**Task brief**. The result must match the data exactly, line for line.

**Data for analysis**.
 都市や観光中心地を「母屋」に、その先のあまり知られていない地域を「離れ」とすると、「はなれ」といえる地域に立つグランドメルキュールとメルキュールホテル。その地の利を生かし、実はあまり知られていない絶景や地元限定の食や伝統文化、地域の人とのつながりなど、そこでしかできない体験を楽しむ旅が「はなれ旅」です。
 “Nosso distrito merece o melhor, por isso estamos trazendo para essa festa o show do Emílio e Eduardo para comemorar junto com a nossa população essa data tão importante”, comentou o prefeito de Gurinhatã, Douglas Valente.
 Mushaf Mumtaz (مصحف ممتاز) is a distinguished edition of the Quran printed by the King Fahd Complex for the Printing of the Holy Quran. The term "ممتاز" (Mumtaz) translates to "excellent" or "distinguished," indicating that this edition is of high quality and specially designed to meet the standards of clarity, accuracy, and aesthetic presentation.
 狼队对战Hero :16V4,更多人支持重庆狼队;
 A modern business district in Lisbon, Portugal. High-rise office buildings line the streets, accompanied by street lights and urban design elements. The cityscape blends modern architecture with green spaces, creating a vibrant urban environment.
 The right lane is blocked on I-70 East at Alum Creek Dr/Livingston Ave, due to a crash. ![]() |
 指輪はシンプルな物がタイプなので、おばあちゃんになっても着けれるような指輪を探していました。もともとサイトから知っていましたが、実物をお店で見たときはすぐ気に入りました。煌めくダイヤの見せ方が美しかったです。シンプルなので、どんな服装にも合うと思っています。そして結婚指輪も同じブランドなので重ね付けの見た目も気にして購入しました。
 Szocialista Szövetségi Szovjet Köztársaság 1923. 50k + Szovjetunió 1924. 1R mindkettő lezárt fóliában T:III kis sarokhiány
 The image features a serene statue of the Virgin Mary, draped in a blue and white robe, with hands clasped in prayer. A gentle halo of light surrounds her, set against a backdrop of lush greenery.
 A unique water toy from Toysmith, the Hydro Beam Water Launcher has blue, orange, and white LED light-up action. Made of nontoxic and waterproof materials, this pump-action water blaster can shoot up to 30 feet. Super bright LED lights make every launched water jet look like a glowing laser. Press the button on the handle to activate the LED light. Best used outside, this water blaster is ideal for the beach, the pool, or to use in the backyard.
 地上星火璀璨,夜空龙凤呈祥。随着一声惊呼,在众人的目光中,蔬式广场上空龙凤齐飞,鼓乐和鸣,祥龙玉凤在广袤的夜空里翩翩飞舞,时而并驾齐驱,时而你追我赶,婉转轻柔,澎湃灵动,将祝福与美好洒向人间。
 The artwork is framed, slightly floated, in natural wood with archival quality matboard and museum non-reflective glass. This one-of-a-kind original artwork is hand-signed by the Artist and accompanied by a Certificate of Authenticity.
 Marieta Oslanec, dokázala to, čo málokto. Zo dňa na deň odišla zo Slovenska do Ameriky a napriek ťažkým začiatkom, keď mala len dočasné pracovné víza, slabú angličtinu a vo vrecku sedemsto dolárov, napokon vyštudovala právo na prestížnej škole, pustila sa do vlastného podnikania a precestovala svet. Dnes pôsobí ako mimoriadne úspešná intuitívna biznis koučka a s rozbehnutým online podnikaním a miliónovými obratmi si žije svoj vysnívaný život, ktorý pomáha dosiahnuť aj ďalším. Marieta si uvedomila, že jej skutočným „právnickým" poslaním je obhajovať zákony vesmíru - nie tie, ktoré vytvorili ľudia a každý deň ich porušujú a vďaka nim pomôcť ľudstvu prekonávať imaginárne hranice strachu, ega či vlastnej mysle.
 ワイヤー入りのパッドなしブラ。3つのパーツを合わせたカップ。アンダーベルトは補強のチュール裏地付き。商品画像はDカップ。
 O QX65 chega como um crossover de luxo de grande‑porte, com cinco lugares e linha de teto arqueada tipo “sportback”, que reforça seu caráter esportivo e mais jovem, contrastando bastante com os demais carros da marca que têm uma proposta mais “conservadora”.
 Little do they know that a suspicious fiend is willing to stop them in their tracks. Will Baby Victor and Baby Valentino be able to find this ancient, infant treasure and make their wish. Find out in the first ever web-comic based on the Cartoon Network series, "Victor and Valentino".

**Output for this task**.
 都市や観光中心地を「母屋」に、その先のあまり知られていない地域を「離れ」とすると、「はなれ」といえる地域に立つグランドメルキュールとメルキュールホテル。その地の利を生かし、実はあまり知られていない絶景や地元限定の食や伝統文化、地域の人とのつながりなど、そこでしかできない体験を楽しむ旅が「はなれ旅」です。
 “Nosso distrito merece o melhor, por isso estamos trazendo para essa festa o show do Emílio e Eduardo para comemorar junto com a nossa população essa data tão importante”, comentou o prefeito de Gurinhatã, Douglas Valente.
 Mushaf Mumtaz (مصحف ممتاز) is a distinguished edition of the Quran printed by the King Fahd Complex for the Printing of the Holy Quran. The term "ممتاز" (Mumtaz) translates to "excellent" or "distinguished," indicating that this edition is of high quality and specially designed to meet the standards of clarity, accuracy, and aesthetic presentation.
 狼队对战Hero :16V4,更多人支持重庆狼队;
 A modern business district in Lisbon, Portugal. High-rise office buildings line the streets, accompanied by street lights and urban design elements. The cityscape blends modern architecture with green spaces, creating a vibrant urban environment.
 The right lane is blocked on I-70 East at Alum Creek Dr/Livingston Ave, due to a crash. ![]() |
 指輪はシンプルな物がタイプなので、おばあちゃんになっても着けれるような指輪を探していました。もともとサイトから知っていましたが、実物をお店で見たときはすぐ気に入りました。煌めくダイヤの見せ方が美しかったです。シンプルなので、どんな服装にも合うと思っています。そして結婚指輪も同じブランドなので重ね付けの見た目も気にして購入しました。
 Szocialista Szövetségi Szovjet Köztársaság 1923. 50k + Szovjetunió 1924. 1R mindkettő lezárt fóliában T:III kis sarokhiány
 The image features a serene statue of the Virgin Mary, draped in a blue and white robe, with hands clasped in prayer. A gentle halo of light surrounds her, set against a backdrop of lush greenery.
 A unique water toy from Toysmith, the Hydro Beam Water Launcher has blue, orange, and white LED light-up action. Made of nontoxic and waterproof materials, this pump-action water blaster can shoot up to 30 feet. Super bright LED lights make every launched water jet look like a glowing laser. Press the button on the handle to activate the LED light. Best used outside, this water blaster is ideal for the beach, the pool, or to use in the backyard.
 地上星火璀璨,夜空龙凤呈祥。随着一声惊呼,在众人的目光中,蔬式广场上空龙凤齐飞,鼓乐和鸣,祥龙玉凤在广袤的夜空里翩翩飞舞,时而并驾齐驱,时而你追我赶,婉转轻柔,澎湃灵动,将祝福与美好洒向人间。
 The artwork is framed, slightly floated, in natural wood with archival quality matboard and museum non-reflective glass. This one-of-a-kind original artwork is hand-signed by the Artist and accompanied by a Certificate of Authenticity.
 Marieta Oslanec, dokázala to, čo málokto. Zo dňa na deň odišla zo Slovenska do Ameriky a napriek ťažkým začiatkom, keď mala len dočasné pracovné víza, slabú angličtinu a vo vrecku sedemsto dolárov, napokon vyštudovala právo na prestížnej škole, pustila sa do vlastného podnikania a precestovala svet. Dnes pôsobí ako mimoriadne úspešná intuitívna biznis koučka a s rozbehnutým online podnikaním a miliónovými obratmi si žije svoj vysnívaný život, ktorý pomáha dosiahnuť aj ďalším. Marieta si uvedomila, že jej skutočným „právnickým" poslaním je obhajovať zákony vesmíru - nie tie, ktoré vytvorili ľudia a každý deň ich porušujú a vďaka nim pomôcť ľudstvu prekonávať imaginárne hranice strachu, ega či vlastnej mysle.
 ワイヤー入りのパッドなしブラ。3つのパーツを合わせたカップ。アンダーベルトは補強のチュール裏地付き。商品画像はDカップ。
 O QX65 chega como um crossover de luxo de grande‑porte, com cinco lugares e linha de teto arqueada tipo “sportback”, que reforça seu caráter esportivo e mais jovem, contrastando bastante com os demais carros da marca que têm uma proposta mais “conservadora”.
 Little do they know that a suspicious fiend is willing to stop them in their tracks. Will Baby Victor and Baby Valentino be able to find this ancient, infant treasure and make their wish. Find out in the first ever web-comic based on the Cartoon Network series, "Victor and Valentino".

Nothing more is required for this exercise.